I handled media throughout the day. No one asked if I was qualified. They simply appreciated my initiative.
I wasn’t expecting anything. I was already fulfilled, fulfilled to have done that for them, and fulfilled for myself.
Before she left, she gave me her number. One that works. We spoke again because she remembered me. I went ahead to merge the clips on my phone into a short video and sent it to her later that evening. It took over five hours of my time.
I felt fulfilled.
If I hadn’t stepped forward that day, I know what would have happened. I would have shrunk inward. I would have admired whoever did it while telling myself they were more capable. I would have stayed safe in invisibility, letting a familiar pattern protect me, until the day it no longer could.

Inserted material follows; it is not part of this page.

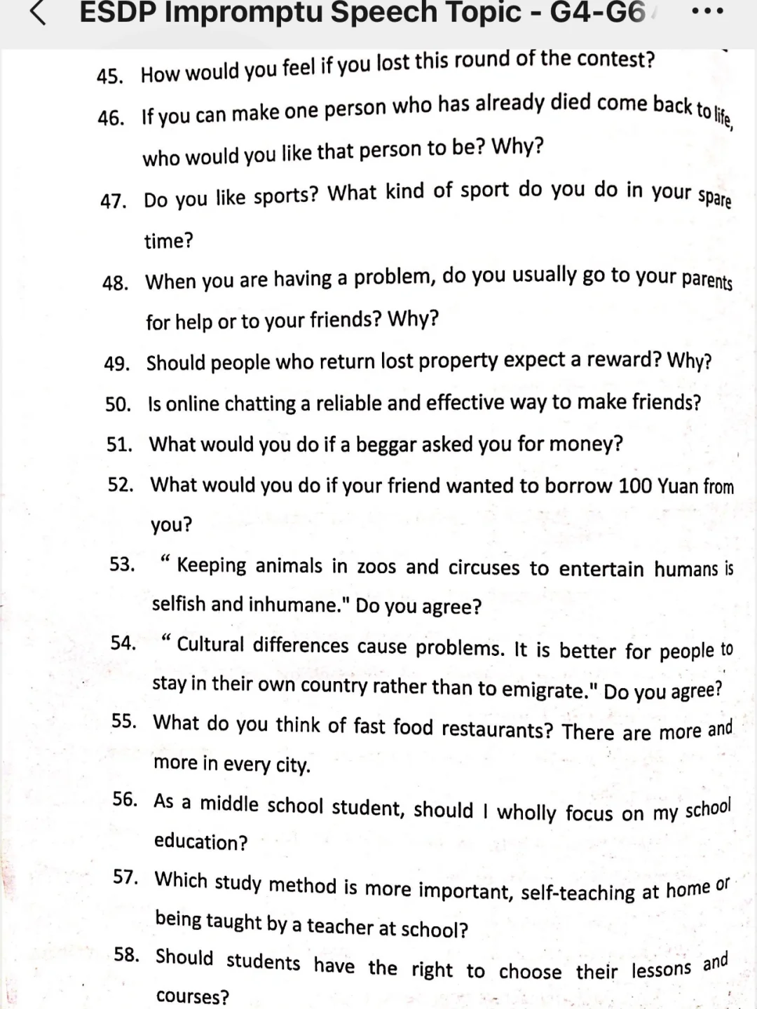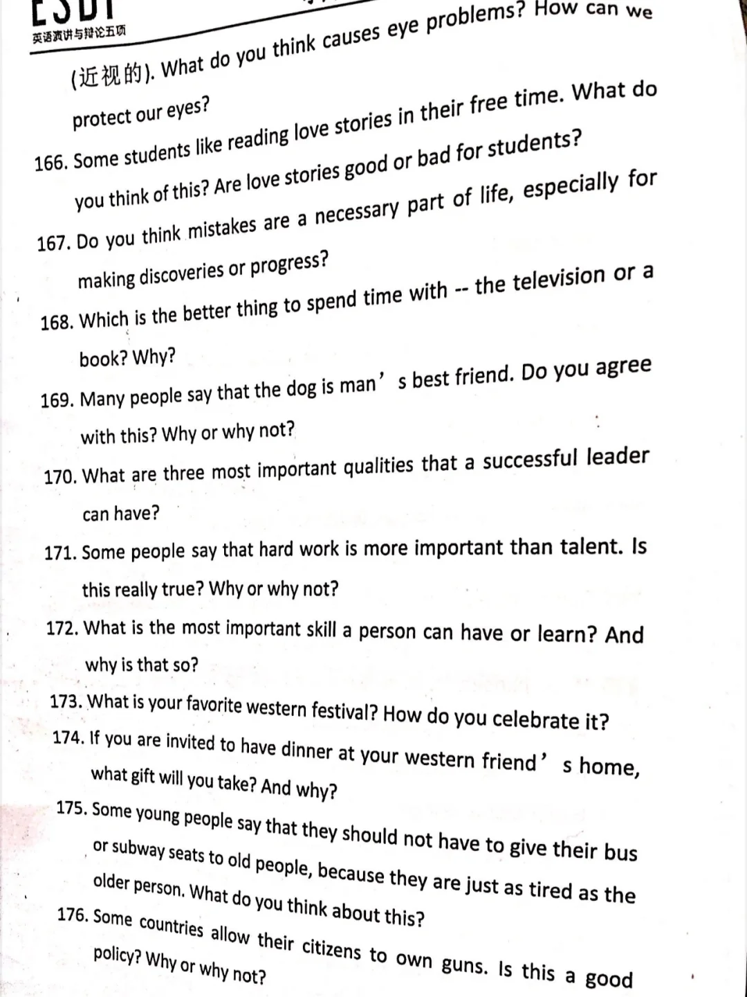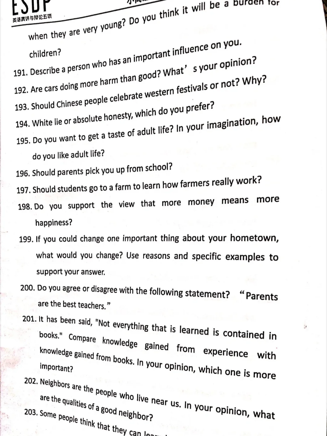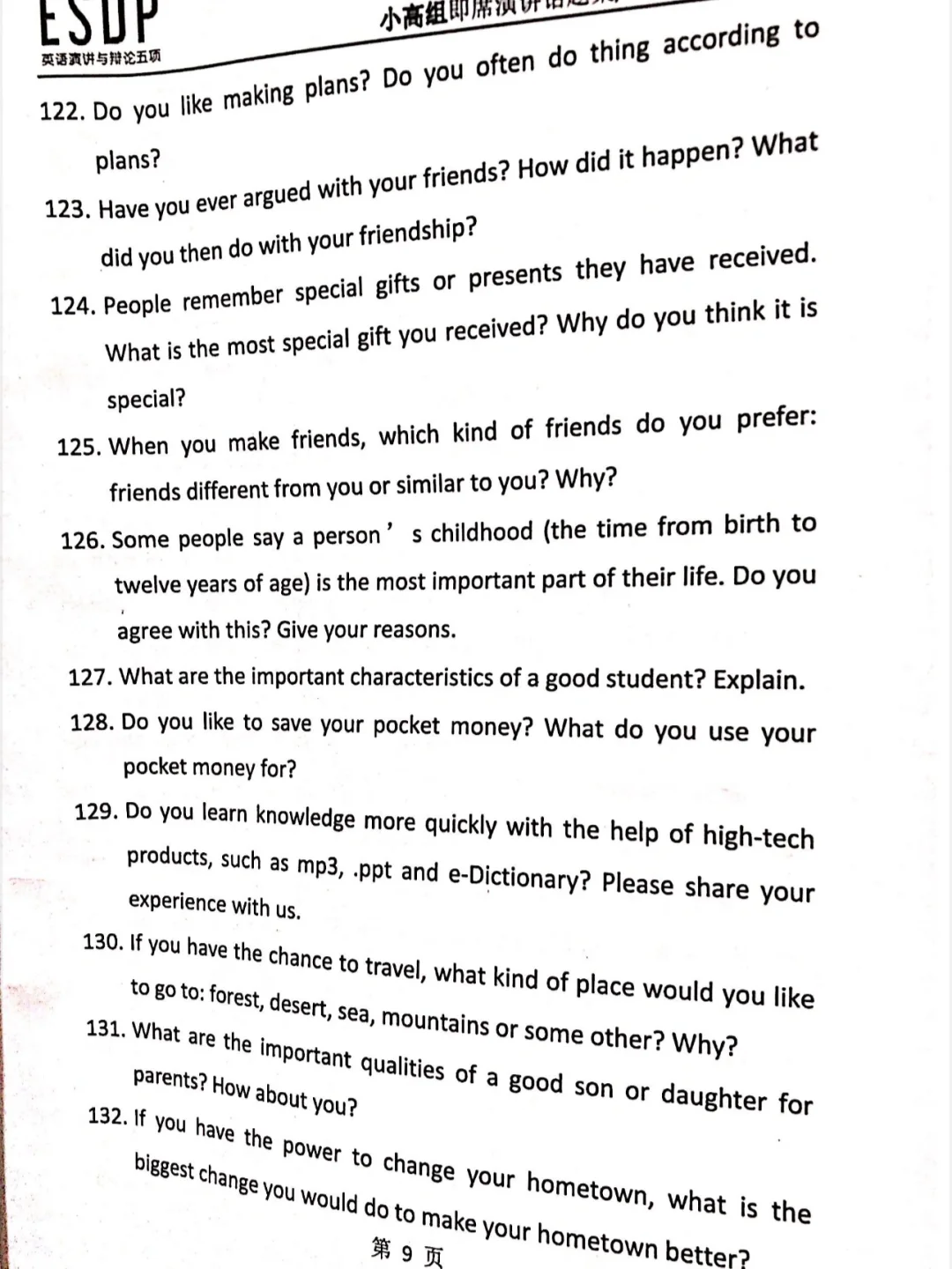 ESDP 小高组英语即兴演讲题库来啦,赶紧练吧

Will this pattern try to return in the future? Probably.
But I will not let it win.
Because I now know what it feels like to step out of comfort. I know what it means to interrupt a pattern that once protected me. And I know my future self will be grateful.
Thank you to Oladimeji Ajegbile for being a light.
I agree with him that our 20’s are for urgency, for proving, and for having a constant sense that time was running out. That they are for training: training to move fast, to say yes, to figure things out publicly while pretending not to be afraid. They are for building postures that don’t disappear overnight.
This is my reality of you have to show up...scared, unsure, and sometimes clueless.
This is my becoming.
To the ones becoming.
With love,
Olayide Juliana
A steward who believes that light shed, knowledge shared, and beliefs reviewed can make both me and the world better.